Open jtbuch opened 2 months ago
Following up here after a discussion with @jtbuch last week...
My original suggestion was actually a bit different from what is described above as method 2. I'd call it something like “rebinning" the droplet distribution "via fake collisions”. The idea would be that for each timestep where you want to inject seed particles, you rebin the existing SDs in n-1 particles and use the newly freed SD to represent your seeds. The nuance is all in how you do the rebinning - you want to do it in a way that conserves the properties of the original distribution -- in obvious ways like mass and water conservation, but also preserving the character of the distribution, e.g. not getting rid of a long tail of few, large droplets.
Such an algorithm might look as follows...
For each time step when you want to inject seed particles:
All the art here will be in defining the “similarity” metric. You want to ensure that your "rebinning" is conservative -- i.e. this procedure in the limit of very, very low injection rate does not change macro scale properties of the simulation (onset of precipitation, etc.). Maybe the distance in wet radius should be more heavily weighted than the distance in kappa, as one example.

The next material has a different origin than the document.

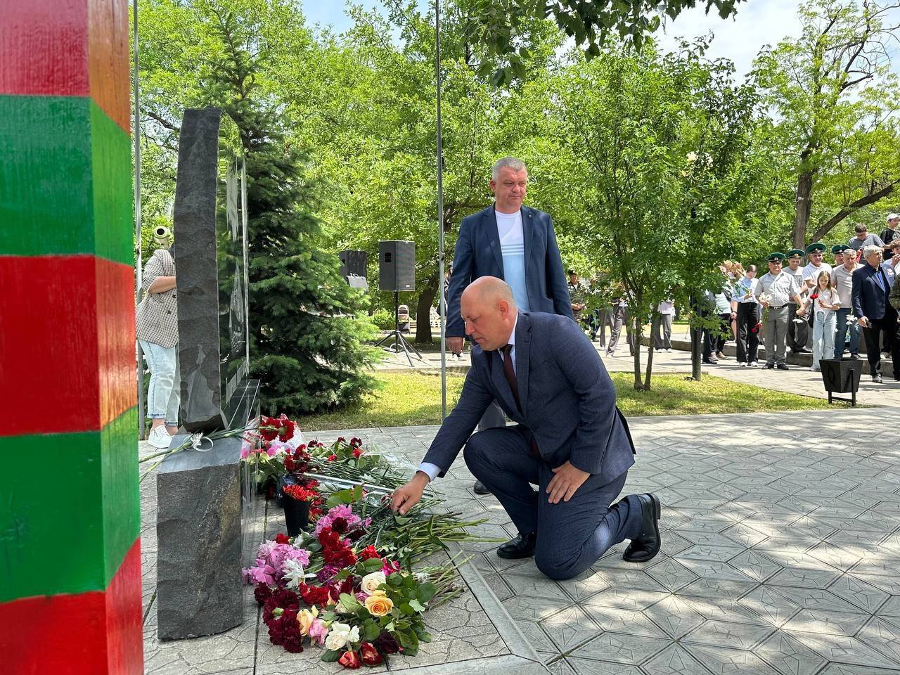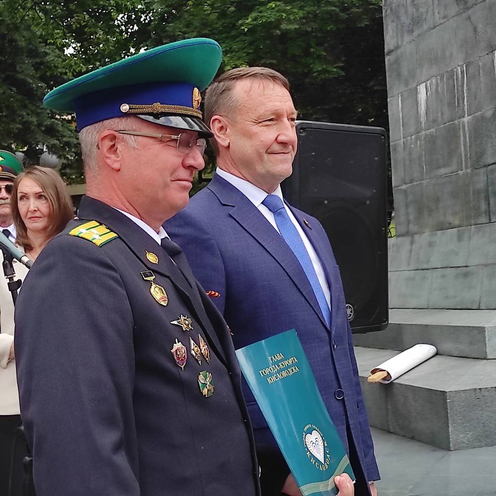 В Георгиевске к памятным мероприятиям присоединились члены Местного отделения РО РВИО СК в лице Стрельникова А.М., председателя Думы Георгиевского муниципального округа. Александр Михайлович поздравил с праздником пограничное братство Георгиевского округа и возложил цветы к мемориалу «Пограничникам всех поколений», почтив память тех, кто стойко защищал границы Отечества перед лицом врага.
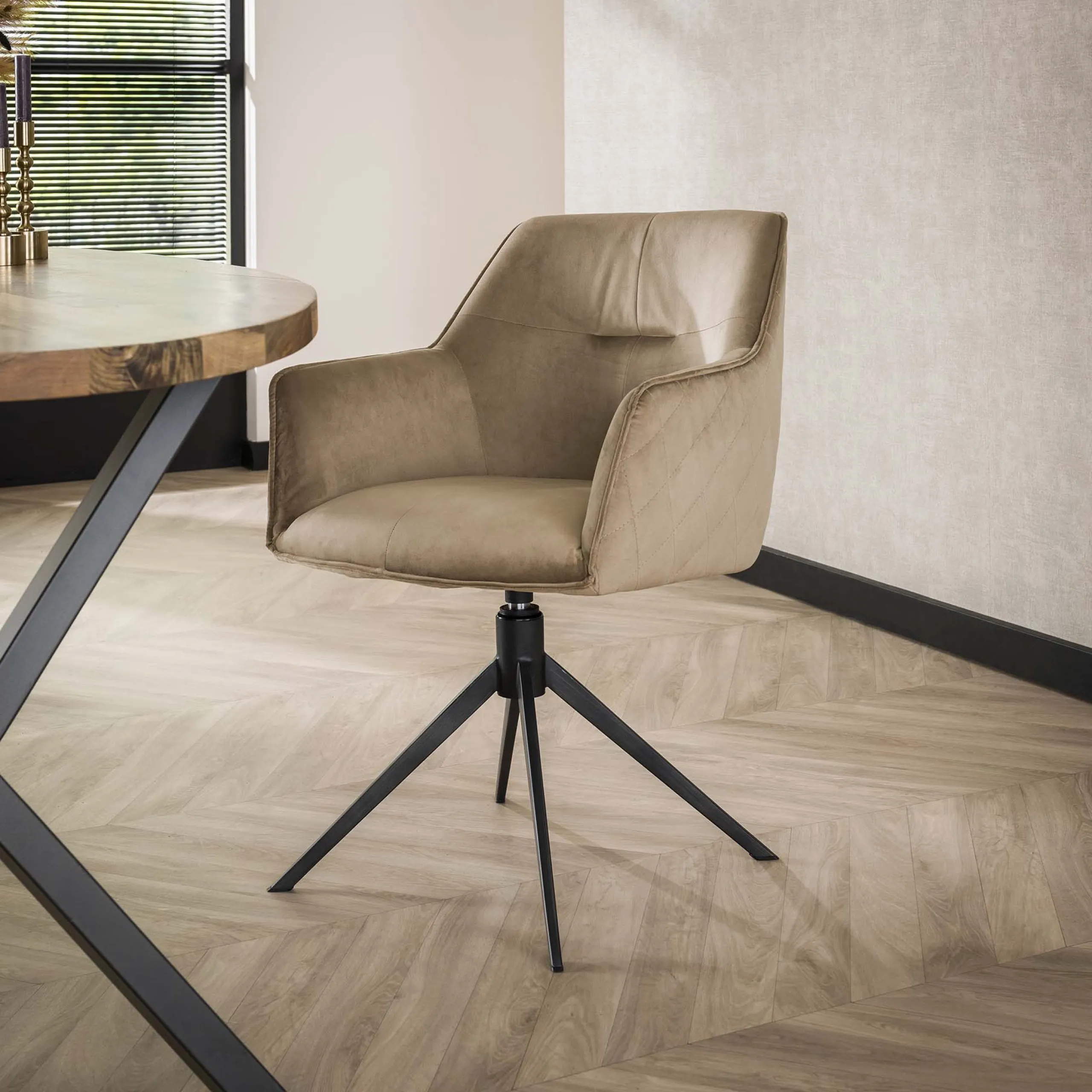 Herrlich elegant und eine Bereicherung für jeden Haushalt ist der Stuhl Pull aus der Vintagehaus Serie. Mit seinem modernen Design, den hochwertigen Materialien und der rautenförmigen Diamantsteppung an der Rückenlehne vereint er Komfort und Ästhetik. Der Drehstuhl verfügt über eine bequeme Sitzfläche und Rückenlehne. Die Armlehnen bieten zusätzlichen Komfort und Unterstützung beim Sitzen. Ein besonderes Merkmal dieses Esszimmerstuhls ist seine Drehfunktion, die es Ihnen ermöglicht, sich leicht um 360 Grad zu drehen, ohne den Stuhl zu bewegen. Dies ist besonders praktisch, wenn Sie sich während einer Mahlzeit unterhalten möchten. Das Design funktioniert aber auch als Schreibtischstuhl im Büro. Ob in einem modernen Esszimmer oder einem klassischen Ambiente, Pull fügt sich harmonisch in jede Umgebung ein.

Thanks @jtbuch & @claresinger!
One suggestion that both @claresinger and @edejong-caltech made (also something that @kdlamb and I discussed independently) was to introduce a new attribute vector for the SDs that acts like a flag to decide whether a particular SD participates in each step of the simulation
In collisions and out-of-domain precipitation, we flag particles that should no longer take part in the simulation by setting multiplicity to zero or setting the index to n_sd: https://github.com/open-atmos/PySDM/blob/main/PySDM/backends/impl_numba/methods/collisions_methods.py#L1117-L1128
This ensures that these are properly treated later on in condensation and coalescence summations. Perhaps there is no need for a new attribute?
Hi @slayoo,
I have been running experiments with PySDM to simulate the injection of a new 'seed' aerosol distribution with distinct properties than the background aerosol distribution used to initialize the simulation. As you might anticipate, this functionality has several applications under the cloud seeding research umbrella, including marine cloud brightening, in-situ growth of ice crystals, and precipitation enhancement. For the rest of the discussion in this issue, I will only focus on the precipitation enhancement case with two modifications of the default PySDM code:
Adding new super-droplets: In my first attempt, I tried simulating the injection of seeded aerosols at arbitrary time intervals by adding new super-droplets (SDs). This involved writing a new
inject_particles
(see here and here) method in the simulation file, making minor tweaks in relevant methods of the Displacement and Collision classes, while also writing a couple of small setter methods to keep track of the new SDs to avoid array shape mismatches. The relevant notebook for running the experiment in a SH2012 environment is available here, where I try to show that despite all the modifications, both displacement and collision-coalescence fail, i.e. there is no change in multiplicity and positions of the seeded SDs, even though the code executes successfully.Modifying existing super-droplets through the 'hijack and redistribute' method: After several stimulating conversations with @claresinger, I implemented her suggested approximation of aerosol seeding: a) 'hijack' a cloud SD of a size similar to the desired seed and update the value of all relevant extensive attributes: multiplicity, kappa, water mass etc., b) 'redistribute' the original cloud SD's attributes to its neighboring SDs in a grid cell. This way, I can 'inject' a new seed SD with the appropriate multiplicity attribute to represent the integrated aerosol concentration. As the spectra, coalescence rate, and rain water mixing plots in the associated notebook indicate, there is a distinct seeding signature for well-chosen values of seed radius and concentration.
I'd be curious about your thoughts on this approach overall! Specifically, if there is a way to get the code working while adding new SDs, or if there is another way to model seeding in PySDM. One suggestion that both @claresinger and @edejong-caltech made (also something that @kdlamb and I discussed independently) was to introduce a new attribute vector for the SDs that acts like a flag to decide whether a particular SD participates in each step of the simulation. In such a setup, certain seed SDs will behave as 'ghosts' for a while before they are activated at the desired time step and then behave normally.